Her sabah uyandığında mavi demirlere çarparak ilerlemeye çalışıyordu.
Onun için uyanmak demek samimiyetsizlik kokan mavi demirlerle bir gün boyunca daha yüz yüze olması demekti. 
Elini attığı her şey gıcırdıyordu. 
Belki de burada duyduğu tüm sesler ona göre yalnızca rahatsız edici bir gıcırdamadan ibaretti. 
‘’Güzel günler gelecek’’ klişesi bile ona umut dolu bir cümle gibiydi artık. 
Güzel günler gelmiyordu. Güzel olmasını beklemek fazla lükstü belki. O artık yalnızca yeni bir gün bekliyordu. Güzel olup olmadığına geldikten sonra bile karar vermeye razıydı. Ama yeni gün yoktu. O haftalarca bekledi, gelmedi. 
Her gün aynıydı. 
Her gün ‘’soğuk ve mavi demirliydi.’’ 

Ona ait olan hiçbir şey yakınında değilken ait hissedemediği her şey burnunun dibindeydi. Ait hissedebildiği birkaç şeyi ise yaklaşık iki metre boyunda kırk santimetre enindeki mavi demirli dolaba sığdırmak zorundaydı. Üzerine kilit vurmazsa eğer; onları da kaybedecekti. Geldiği günden beri kaybettiği şeyleri düşündükçe daha çok korkuyordu. Yastığının altına koyduğu küçük anahtarlardan başka güvenebileceği tek bir şey bile yoktu. Bir insan küçük bir anahtardan ne kadar çok beklentiye girebilirdi? Ama bekliyordu işte. Ona ait birkaç şeyi koruyabilmesi için başka bir çaresi yoktu. 
Herhangi bir konuda hiç kimseden veya hiçbir şeyden beklentiye girmemek konusunda verdiği sözleri çiğnemek pahasına da olsa, bekledi.
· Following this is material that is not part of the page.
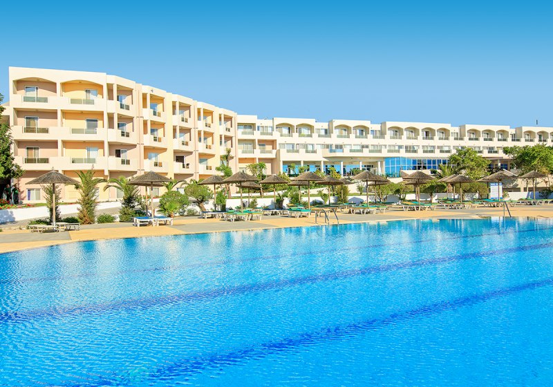 Im Sovereign Beach Hotel wohnt Ihr direkt am Strand von Kardamena. Die flachen Gebäude gruppieren sich um Gärten, Terrassen und einen Salzwasser‑Pool. Renovierungen 2023/2024 geben den Bereichen einen gepflegten Eindruck. Familien nutzt Ihr Miniclub und Kinderpool, Aktivreisende den Fitnessraum und die Plätze für Tennis oder Beachvolleyball. Highlight: Direkter Strandzugang mit kurzen Wegen zwischen Zimmern, Pool und Meer.

Her an gidecek olmanın umuduyla, hep burada kalacak olmanın verdiği korkuyu aynı anda yaşıyordu.
Hem de her gün.

Kendi kendine yardım etmeye çalışsa da bazı şeyler yetmiyordu.
İnsan çoğu zaman kendi kendine yetemiyordu. 
Deneyip görmüştü.

Aidiyetsizliğin doruğuna çıktığı anlardan birindeyken birden saate baktı. Yemek saati geçiyordu. Onun hayatındaki saatlere o değil, başkaları karar veriyordu. Onun seçimleri diye bir şey yoktu artık. Her gün olduğu gibi başkalarının belirlediği saatlerde, başkalarının karar verdiği yemekleri yemek için aşağı indi.
Üstelik her gün -yalnızdı- 
Herkes gibi kahverengi dikdörtgen tepsiyi aldı, sıraya girdi, yemek bekledi. 

Buraya geldiği günden beri sıra bekliyordu. Kendi hayatını yaşamak için her gün sıra numarası alıyordu. Biriken sıra numaraları kaybedilmiş her şeyi özetliyordu adeta. Hayatını gelmeyen bir sıra numarası eşliğinde yaşıyor olmak berbattı. 
Ve berbatlaşmaya devam ediyordu. 

Bir tercih şansı olsa listeye bile almayacağı bedenlerle saatler geçiriyordu. 
Saatler, günler, -hatta belki- aylar geçirecekti..

Anlam veremediği tüm yüzler, bedenler, kişilikler, sözler her daim onunlaydı. 
Bunu kabul etmekten kaçmaya çalışsa da ancak bir yere kadar direnebiliyordu.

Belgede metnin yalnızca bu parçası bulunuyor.